Democratic oversight and the accountability gap
Democratic governance of AI-assisted military operations requires institutions capable of meaningful review and laws that mandate disclosure. The opacity surrounding Article 36 reviews means AI-enabled systems in conflict are rarely subject to independent scrutiny. In India, this gap is uniquely acute. Unlike the U.S., which subjects to the scrutiny of the Senate and House Select Committees on Intelligence under the FISA framework, or the U.K., which operates under the Investigatory Powers Act and Intelligence and Security Committee, India’s intelligence agencies (such as RAW and IB) are creations of administrative orders with no statutory basis and no parliamentary accountability whatsoever.
Regulatory and institutional pathways
Several concrete reforms are both legally plausible and achievable.
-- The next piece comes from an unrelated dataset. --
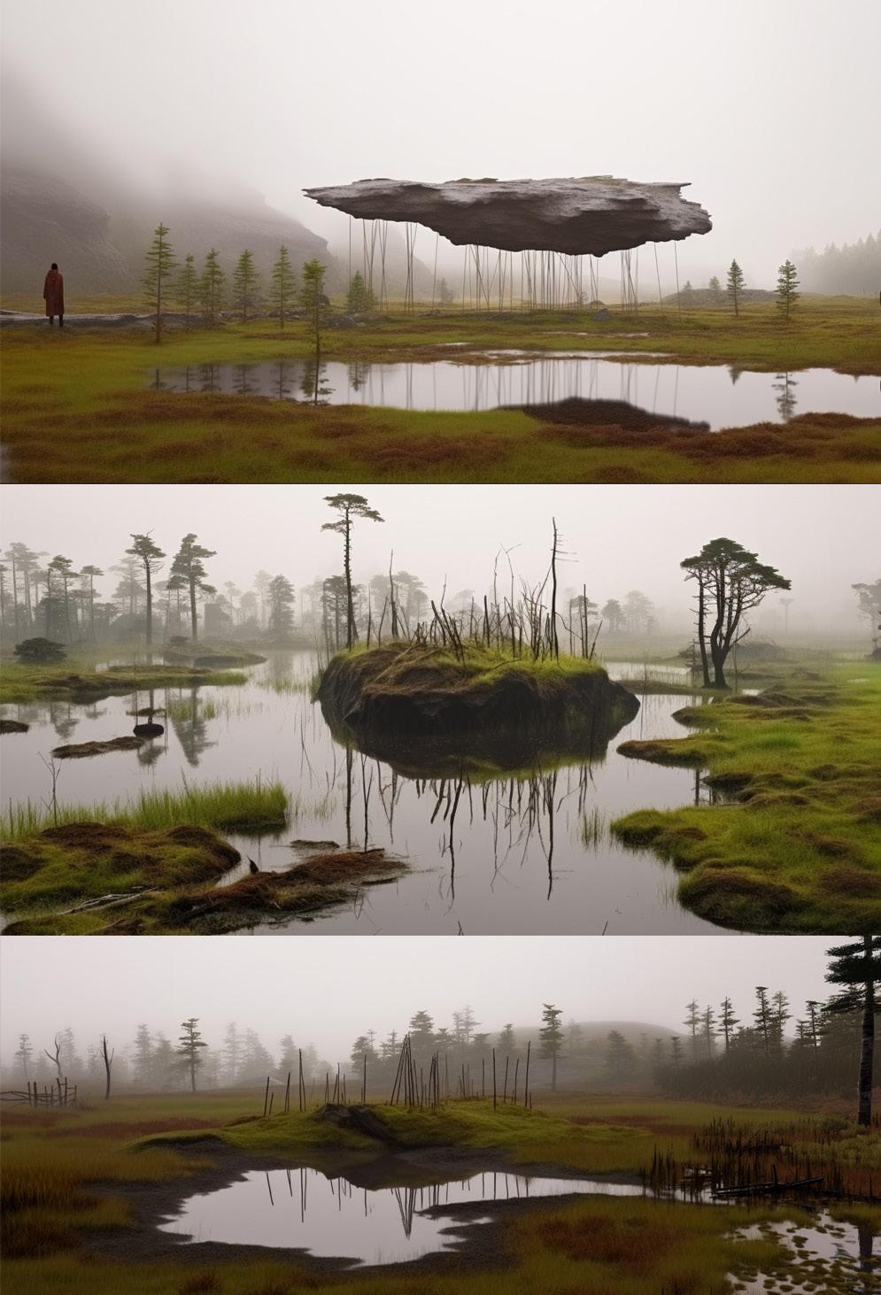 Landscape broken down into parts of the house, elegant, spatial, environments, traditional vietnamese, grid like structures, intricate cityscapes, lively tableaux, reality, land art, on swamp

First, Article 36 review mechanisms should be partially transparentised: states should publish summary legal determinations for AI-enabled systems used in armed conflict, subject to classification redaction, acknowledging that a review occurred and addressed the system’s capabilities as deployed.
Second, statutory AI weapons review boards, technically constituted, with independent authority, should be established in significant military AI user states, with access to model documentation, deployment parameters, and post-operation review data, subject to parliamentary oversight, even if classified. Third, human-in-the-loop requirements should be legislated for lethal decisions. Fourth, defence procurement clauses should mandate auditability – version tracking and behavioural logging for any foundation model integrated into operational workflows.
The Anthropic episode is not a story about one company’s difficult choices. It is a story about how those choices were overridden by sovereign power. An American AI company drew a line, held it, was designated a national security risk by its own government, ejected from classified defence systems, and replaced within hours by a competitor willing to comply. The legal architecture of private AI governance – red lines, terms of service, refusal training was tested against sovereign prerogative and found unenforceable. Legislators, jurists, and defence strategists should treat this not as an anomaly but as the template for what comes next.
Yashweer Singh is a public policy and regulatory researcher.